15 U.S.C. § 1012(b). The sole issue on appeal is whether the district court correctly ruled that Section 2(b) of the Act, providing for plenary regulatory authority of the "business of insurance" by states, precludes a RICO claim based on conduct already regulated by Virginia's Insurance Code.

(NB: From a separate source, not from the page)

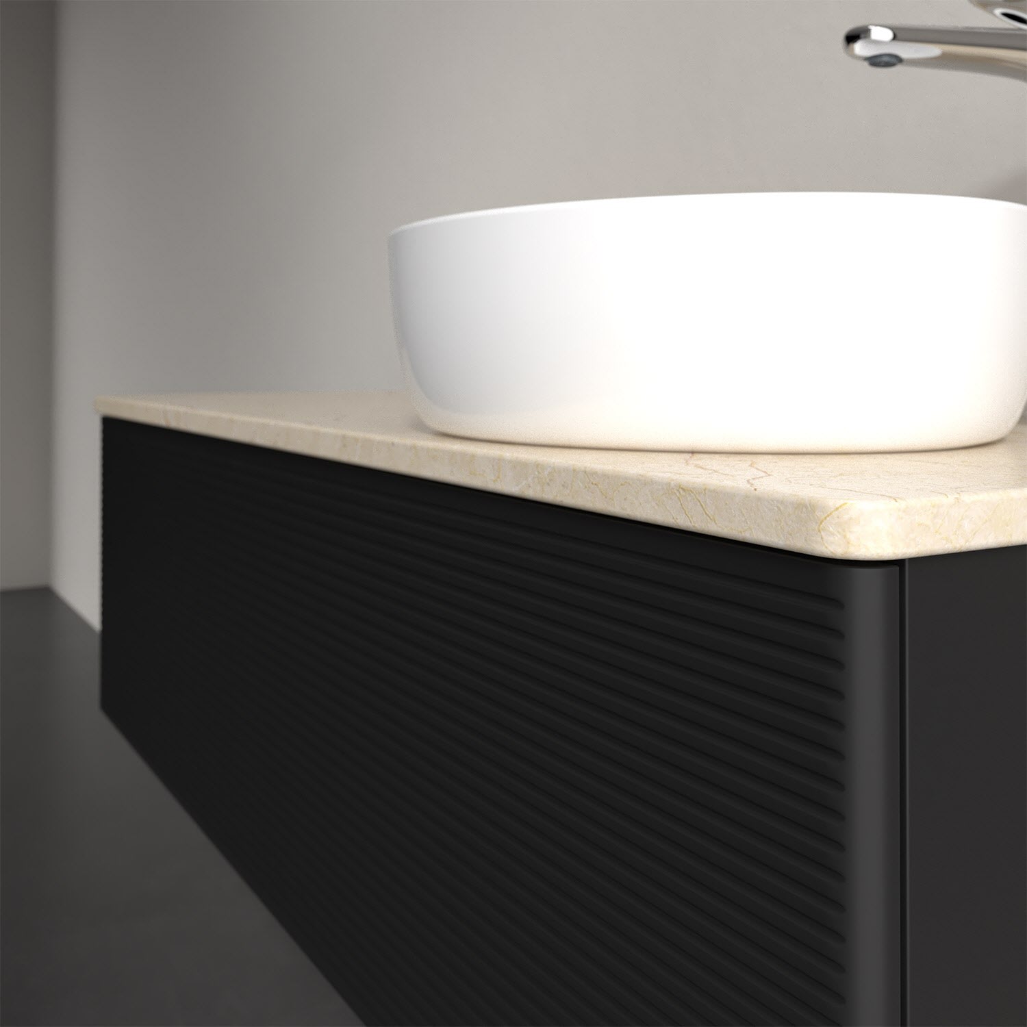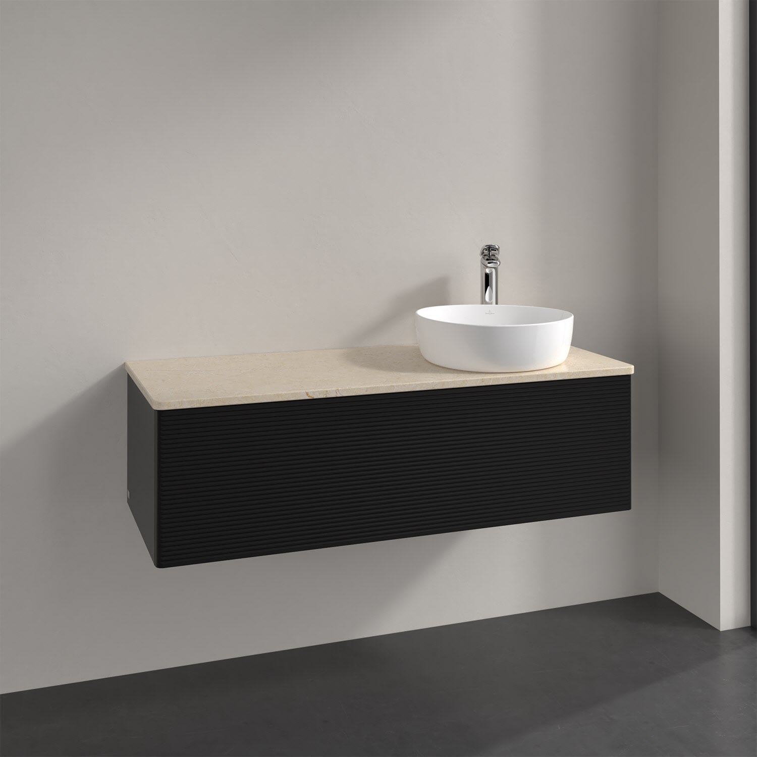 Villeroy & Boch Antao Waschbeckenunterschrank, 120 x 36 cm, 1 Auszug mit LED-Licht, Front mit Struktur, mit Hahnloch, für Waschtisch rechts

In its comprehensive opinion, the district court determined that the relevant state laws--portions of the "Unfair Trade Practices" chapter of Virginia's insurance code prohibiting misrepresentation of policy terms, deceptive insurance advertising, and unfair claim settlement practices--were "by their terms, [ ] aimed at protecting and regulating the relationship between insurer and insured." Ambrose, 891 F.Supp. at 1163 (construing Va.Code §§ 38.2-502, 503, 510). Allowing a RICO action under the circumstances, the district court reasoned, would "greatly impair the SCC's ability to enforce Virginia's insurance code and, specifically, to secure from insurers settlements that are in the interest of all insureds and in the public interest as well." Id. at 1166. Similarly, because of the dramatic disparity in the cause of action and remedies available to RICO plaintiffs, RICO would effectively supplant Virginia's chosen system of redress. Id. at 1165.
We fully agree with the district court's reasoning and conclusion that the plaintiffs' RICO claim is precluded by the McCarran-Ferguson Act, and therefore affirm the decision below on that basis. Ambrose v. Blue Cross & Blue Shield of Virginia, 891 F.Supp. 1153 (E.D.Va.1995).